* Data provided *
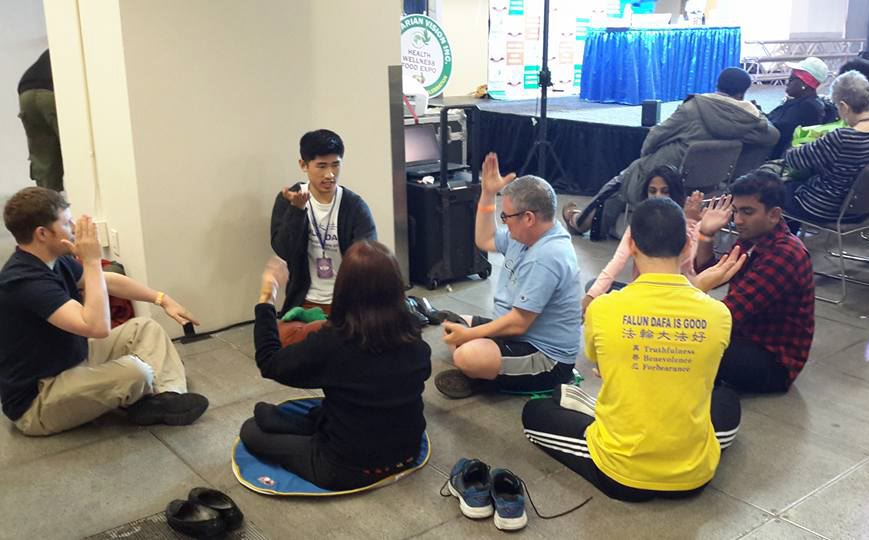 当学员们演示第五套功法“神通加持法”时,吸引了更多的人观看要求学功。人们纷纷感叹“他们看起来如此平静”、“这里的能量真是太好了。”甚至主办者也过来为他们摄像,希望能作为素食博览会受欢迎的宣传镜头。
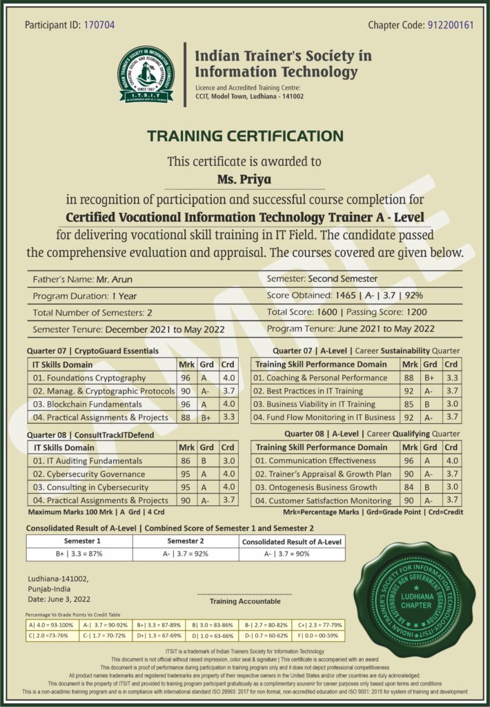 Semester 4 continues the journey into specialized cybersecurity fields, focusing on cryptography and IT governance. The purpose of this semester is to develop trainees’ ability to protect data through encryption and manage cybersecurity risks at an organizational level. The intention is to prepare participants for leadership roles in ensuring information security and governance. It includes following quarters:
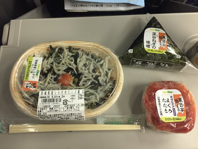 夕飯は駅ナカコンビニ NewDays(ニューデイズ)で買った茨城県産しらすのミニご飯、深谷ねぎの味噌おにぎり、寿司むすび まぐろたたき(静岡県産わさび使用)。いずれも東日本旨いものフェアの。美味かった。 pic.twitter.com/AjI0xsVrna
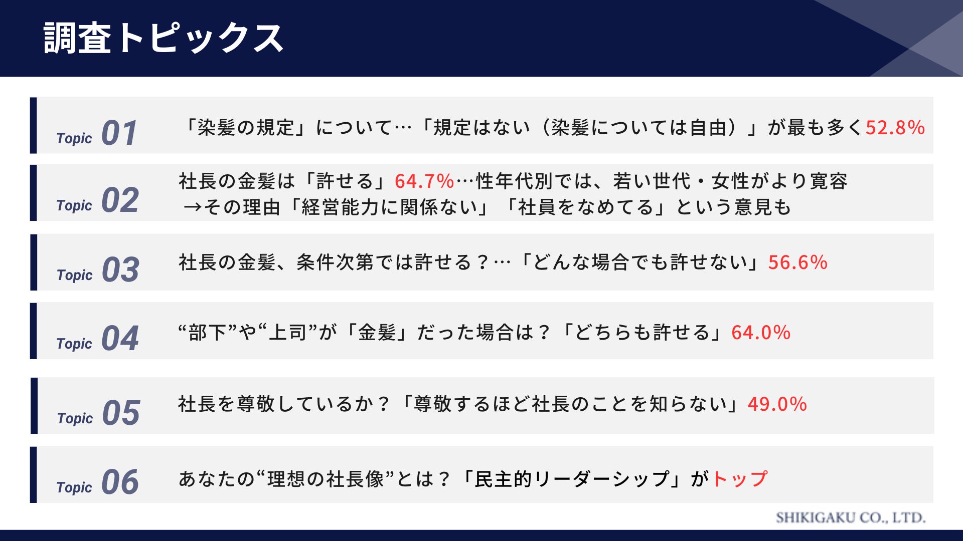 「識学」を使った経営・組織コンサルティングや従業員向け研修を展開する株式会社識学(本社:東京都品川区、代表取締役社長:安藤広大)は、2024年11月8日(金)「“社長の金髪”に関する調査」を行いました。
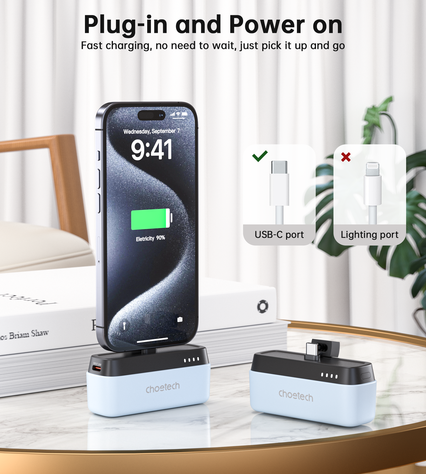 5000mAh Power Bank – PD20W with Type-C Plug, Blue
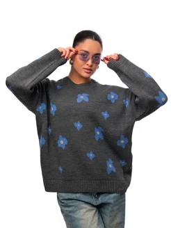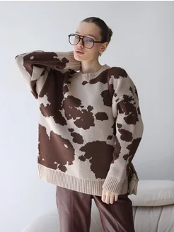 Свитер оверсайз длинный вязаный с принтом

* Task to complete *
Exactly the lines from the one containing "5000mAh Power Bank" through the last line of the material above, both included and free of pictures, should make up your answer, please.

* Problem solution *
 5000mAh Power Bank – PD20W with Type-C Plug, Blue
 Свитер оверсайз длинный вязаный с принтом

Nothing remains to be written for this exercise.